The other guides build files from a chat. This one is different: Claude now works inside Excel and PowerPoint, editing real cells and slides in the document you already have open. Here's what changed, how to use it, and which tool to reach for when.
The distinction is the whole story.
Everywhere else in this guide, Claude generates a deliverable: you ask for a Word doc, a dashboard, a deck, and Claude builds one from scratch and hands it back. Useful, but it starts from blank.
The Office add-ins do something the file-generation skills can't: they operate inside a workbook or deck you already have. Claude reads real formulas (not flattened text), traces dependencies across 40 tabs, edits cells directly, and shows you every change. It treats a slide deck as a sequence with a story, not a pile of text boxes. The reason AI was bad at Excel for years wasn't intelligence, it was context. Operating inside the application is the fix.
Claude lives in Microsoft Excel and PowerPoint through Anthropic's official add-ins, a sidebar, not a separate chat window.
Ctrl + Option + C · Windows: Ctrl + Alt + CRequires a Claude Pro subscription ($20/month), the same plan that unlocks Cowork. Confirm the live install steps in Anthropic's docs, since menus shift.
Four jobs the Excel agent does well.

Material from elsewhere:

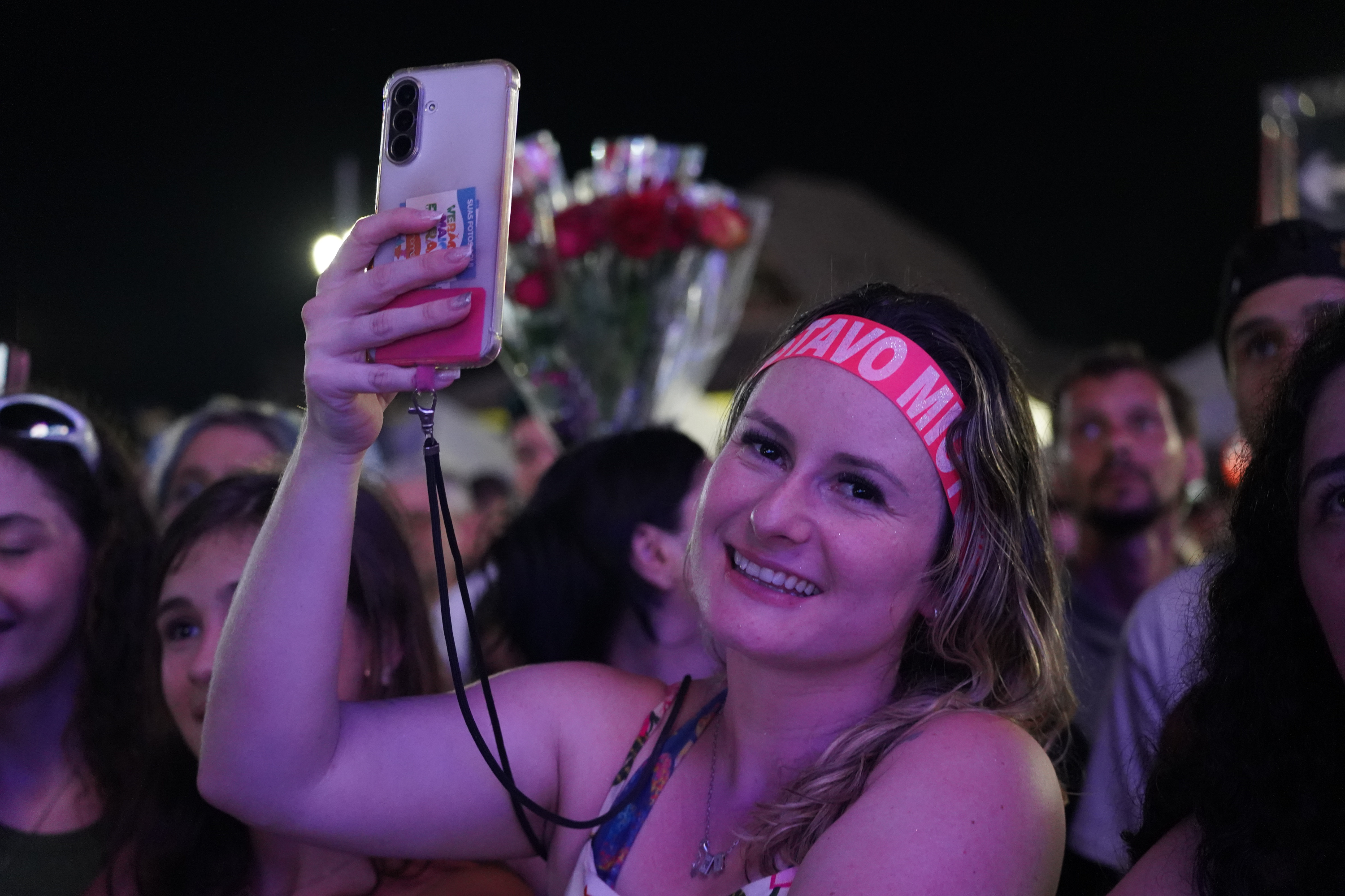 Assim, desde o primeiro minuto, Mioto regeu um coro de vozes de diversas idades, sempre cantando no limite do palco, pertinho dos fãs, e interagindo com a multidão. Pouco depois de abrir o repertório com “Solteiro não trai”, “Anti-Amor” e “Moletom”, garantiu o primeiro momento de descontração ao pegar o celular de Djullyette Portela, a Djully, uma fã de 28 anos que pediu ajuda do astro para reatar com o ex-namorado, Maurílio. “Gustavo, pega meu celular e grava áudio pro meu ex”, solicitava o cartaz observado pelo artista.

Click a cell, then ask.
"Explain this formula in plain English." "Trace this cell to its source inputs." "Why is this #REF?" "Find every broken formula in the workbook." Claude follows the logic across the whole file, not just the cell you clicked.
"Convert all dates to YYYY-MM-DD." "Remove duplicates, keep most recent." "Strip Inc/LLC/Ltd from company names." "Split address into street/city/state/zip." It edits in place and highlights every touched cell so you can audit it.
"What changed this year vs last?" "Which customers drive growth?" "Where are we missing budget?" "Categorize these transactions." You get the insight first; ask for the formulas or pivot only if you want them.
Forecasts, SaaS metrics, scenario and sensitivity tables, IRR/exit models, from scratch, inside the sheet. Not flawless, but it kills the blank-sheet phase. Treat the output as a first draft to pressure-test.
Most AI deck tools treat slides as a text problem: generate bullets, export, clean up by hand. The Office agent reasons about why the deck exists and what story the data tells, then builds real slides in your template. The trick is to make it think before it designs. Run these five prompts in order.
PDFs are the end state of work, invoices, receipts, reports, statements, and generating them used to mean templates, converters, or manual formatting. Now you describe the document and Claude builds the layout, tables, totals, and structure, then returns a finished PDF.
"One-page invoice PDF with line items and totals." "Turn this summary into a formatted report PDF." "Receipt with tax and a final total."
"Pull this PDF table into Excel." The round-trip, data out of a PDF, into a model, back into a clean document, is the part that used to need three tools.
This is the part nobody maps. Claude can touch a spreadsheet or a deck four different ways, and reaching for the wrong one wastes time. Use this:
| You want to… | Use | Why this one |
|---|---|---|
| Edit a live workbook/model that already exists | Claude in Excel (add-in) | Only this edits real cells and traces dependencies in your open file. |
| Generate a fresh, formatted workbook from data or a brief | Cowork xlsx skill | Builds a new .xlsx from scratch with formulas and styling; no Office add-in needed. |
| Edit/restyle an existing deck slide-by-slide | Claude in PowerPoint (add-in) | Works inside your template; keeps layouts and master styles intact. |
| Build a new deck from data with a narrative | Cowork pptx skill or the exec-deck skill | Generates a full .pptx from a spreadsheet; the skill bakes in the blueprint→polish method. |
| A shareable, interactive view of a dataset | CSV → HTML dashboard (Workflow 5) | One self-contained HTML file with filters and charts, opens in any browser. |
| A designed, on-brand deck or page | Claude Design (Step 06) | Image-led visual polish and working code, when look-and-feel is the point. |
| A finished invoice/report/receipt to send | PDF agent or the invoice-pdf skill | Layout, totals, and structure handled; returns a shareable PDF. |
If you run the same Office workflow more than twice, stop re-prompting it. Wrap the method in a skill so one sentence triggers it and your preferences stay baked in. Three to build first:
Encodes the five-step blueprint→polish method on top of the pptx skill. "Build an exec deck from this data" → board-ready first draft.
Forecast / SaaS metrics / scenario / sensitivity / IRR on top of xlsx, with every assumption labeled and cited, and a review checklist.
Structured invoices, receipts, and report PDFs on top of the pdf skill, consistent layout and totals every time.